And my questions: How to generate similar charts? The methods that automatically put stars based on significance level are more than welcome.
I know that this is an old question and the answer by Jens Tierling already provides one solution for the problem. But I recently created a ggplot-extension that simplifies the whole process of adding significance bars: ggsignif
Instead of tediously adding the geom_line and geom_text to your plot you just add a single layer geom_signif:
library(ggplot2)
library(ggsignif)
ggplot(iris, aes(x=Species, y=Sepal.Length)) +
geom_boxplot() +
geom_signif(comparisons = list(c("versicolor", "virginica")),
map_signif_level=TRUE)
To create a more advanced plot similar to the one shown by Jens Tierling, you can do:
dat <- data.frame(Group = c("S1", "S1", "S2", "S2"),
Sub = c("A", "B", "A", "B"),
Value = c(3,5,7,8))
ggplot(dat, aes(Group, Value)) +
geom_bar(aes(fill = Sub), stat="identity", position="dodge", width=.5) +
geom_signif(stat="identity",
data=data.frame(x=c(0.875, 1.875), xend=c(1.125, 2.125),
y=c(5.8, 8.5), annotation=c("**", "NS")),
aes(x=x,xend=xend, y=y, yend=y, annotation=annotation)) +
geom_signif(comparisons=list(c("S1", "S2")), annotations="***",
y_position = 9.3, tip_length = 0, vjust=0.4) +
scale_fill_manual(values = c("grey80", "grey20"))

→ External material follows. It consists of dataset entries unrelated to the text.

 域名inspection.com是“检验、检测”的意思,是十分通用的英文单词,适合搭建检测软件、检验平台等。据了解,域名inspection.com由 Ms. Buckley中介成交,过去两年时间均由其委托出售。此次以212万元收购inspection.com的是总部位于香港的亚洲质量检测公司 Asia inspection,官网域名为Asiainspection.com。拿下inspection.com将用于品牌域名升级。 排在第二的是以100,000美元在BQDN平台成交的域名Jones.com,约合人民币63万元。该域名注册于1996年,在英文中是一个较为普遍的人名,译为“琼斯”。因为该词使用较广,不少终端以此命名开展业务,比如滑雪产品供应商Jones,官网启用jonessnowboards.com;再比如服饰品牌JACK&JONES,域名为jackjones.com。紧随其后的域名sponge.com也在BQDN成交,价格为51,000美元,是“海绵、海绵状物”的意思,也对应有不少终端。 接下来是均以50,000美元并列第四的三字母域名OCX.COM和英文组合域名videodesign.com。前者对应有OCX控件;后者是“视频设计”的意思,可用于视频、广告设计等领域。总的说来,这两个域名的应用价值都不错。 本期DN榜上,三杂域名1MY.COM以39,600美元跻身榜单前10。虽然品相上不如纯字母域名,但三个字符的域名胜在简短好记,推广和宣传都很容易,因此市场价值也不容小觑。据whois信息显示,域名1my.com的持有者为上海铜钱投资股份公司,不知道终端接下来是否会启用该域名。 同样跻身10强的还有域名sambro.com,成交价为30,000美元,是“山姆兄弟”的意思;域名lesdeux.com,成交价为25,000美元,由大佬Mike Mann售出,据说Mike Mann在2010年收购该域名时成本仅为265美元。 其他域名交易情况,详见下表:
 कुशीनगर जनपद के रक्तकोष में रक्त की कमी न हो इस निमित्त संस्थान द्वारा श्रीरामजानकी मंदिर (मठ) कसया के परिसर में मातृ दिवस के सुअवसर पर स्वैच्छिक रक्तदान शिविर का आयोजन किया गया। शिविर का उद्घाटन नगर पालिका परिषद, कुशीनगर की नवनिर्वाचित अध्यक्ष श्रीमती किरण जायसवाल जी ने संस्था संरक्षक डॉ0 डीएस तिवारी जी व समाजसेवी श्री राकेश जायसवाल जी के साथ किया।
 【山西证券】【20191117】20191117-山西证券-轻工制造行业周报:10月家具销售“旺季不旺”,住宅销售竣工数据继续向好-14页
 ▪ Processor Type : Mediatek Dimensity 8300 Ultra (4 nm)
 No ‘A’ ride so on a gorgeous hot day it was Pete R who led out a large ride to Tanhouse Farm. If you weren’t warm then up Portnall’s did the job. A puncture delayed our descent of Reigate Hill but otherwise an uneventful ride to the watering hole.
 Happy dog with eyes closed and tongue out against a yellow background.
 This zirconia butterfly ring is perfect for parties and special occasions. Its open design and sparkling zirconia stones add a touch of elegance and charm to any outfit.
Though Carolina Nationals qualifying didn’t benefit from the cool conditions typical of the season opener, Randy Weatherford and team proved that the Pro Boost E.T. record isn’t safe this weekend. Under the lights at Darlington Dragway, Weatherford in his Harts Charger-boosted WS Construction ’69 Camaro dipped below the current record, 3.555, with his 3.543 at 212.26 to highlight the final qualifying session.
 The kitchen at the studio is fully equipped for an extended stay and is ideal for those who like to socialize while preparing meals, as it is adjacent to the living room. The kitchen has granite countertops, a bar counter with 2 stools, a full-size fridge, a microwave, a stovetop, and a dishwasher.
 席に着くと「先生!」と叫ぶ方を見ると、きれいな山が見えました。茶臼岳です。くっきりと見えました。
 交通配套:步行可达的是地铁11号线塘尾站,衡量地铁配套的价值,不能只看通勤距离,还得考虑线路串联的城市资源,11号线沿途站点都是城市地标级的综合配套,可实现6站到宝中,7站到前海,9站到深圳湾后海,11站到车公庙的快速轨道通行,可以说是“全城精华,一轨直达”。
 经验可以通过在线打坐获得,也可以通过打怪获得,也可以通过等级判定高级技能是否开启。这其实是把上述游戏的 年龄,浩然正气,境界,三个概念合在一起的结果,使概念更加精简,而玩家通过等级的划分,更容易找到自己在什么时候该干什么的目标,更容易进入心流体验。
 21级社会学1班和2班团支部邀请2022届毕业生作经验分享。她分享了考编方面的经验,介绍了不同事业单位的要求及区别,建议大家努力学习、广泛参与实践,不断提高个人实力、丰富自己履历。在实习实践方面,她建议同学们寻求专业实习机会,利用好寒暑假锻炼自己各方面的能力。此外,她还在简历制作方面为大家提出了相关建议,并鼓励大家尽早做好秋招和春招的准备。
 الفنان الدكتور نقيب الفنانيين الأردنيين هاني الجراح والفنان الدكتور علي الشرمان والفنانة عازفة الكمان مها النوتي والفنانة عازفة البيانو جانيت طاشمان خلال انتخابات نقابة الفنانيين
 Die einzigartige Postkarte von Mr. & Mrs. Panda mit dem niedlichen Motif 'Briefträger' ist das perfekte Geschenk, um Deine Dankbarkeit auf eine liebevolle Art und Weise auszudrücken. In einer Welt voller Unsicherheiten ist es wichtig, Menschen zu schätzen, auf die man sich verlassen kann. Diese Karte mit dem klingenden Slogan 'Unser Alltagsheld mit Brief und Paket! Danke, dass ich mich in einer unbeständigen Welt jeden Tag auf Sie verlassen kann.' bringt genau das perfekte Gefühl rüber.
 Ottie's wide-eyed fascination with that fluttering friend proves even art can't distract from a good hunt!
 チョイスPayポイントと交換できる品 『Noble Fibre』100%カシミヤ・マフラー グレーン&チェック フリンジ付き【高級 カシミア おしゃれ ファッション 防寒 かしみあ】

Full documentation of the package is available at CRAN.
Please find my attempt below.
First, I created some dummy data and a barplot which can be modified as we wish.
windows(4,4)
dat <- data.frame(Group = c("S1", "S1", "S2", "S2"),
Sub = c("A", "B", "A", "B"),
Value = c(3,5,7,8))
## Define base plot
p <-
ggplot(dat, aes(Group, Value)) +
theme_bw() + theme(panel.grid = element_blank()) +
coord_cartesian(ylim = c(0, 15)) +
scale_fill_manual(values = c("grey80", "grey20")) +
geom_bar(aes(fill = Sub), stat="identity", position="dodge", width=.5)
Adding asterisks above a column is easy, as baptiste already mentioned. Just create a data.frame with the coordinates.
label.df <- data.frame(Group = c("S1", "S2"),
Value = c(6, 9))
p + geom_text(data = label.df, label = "***")
To add the arcs that indicate a subgroup comparison, I computed parametric coordinates of a half circle and added them connected with geom_line. Asterisks need new coordinates, too.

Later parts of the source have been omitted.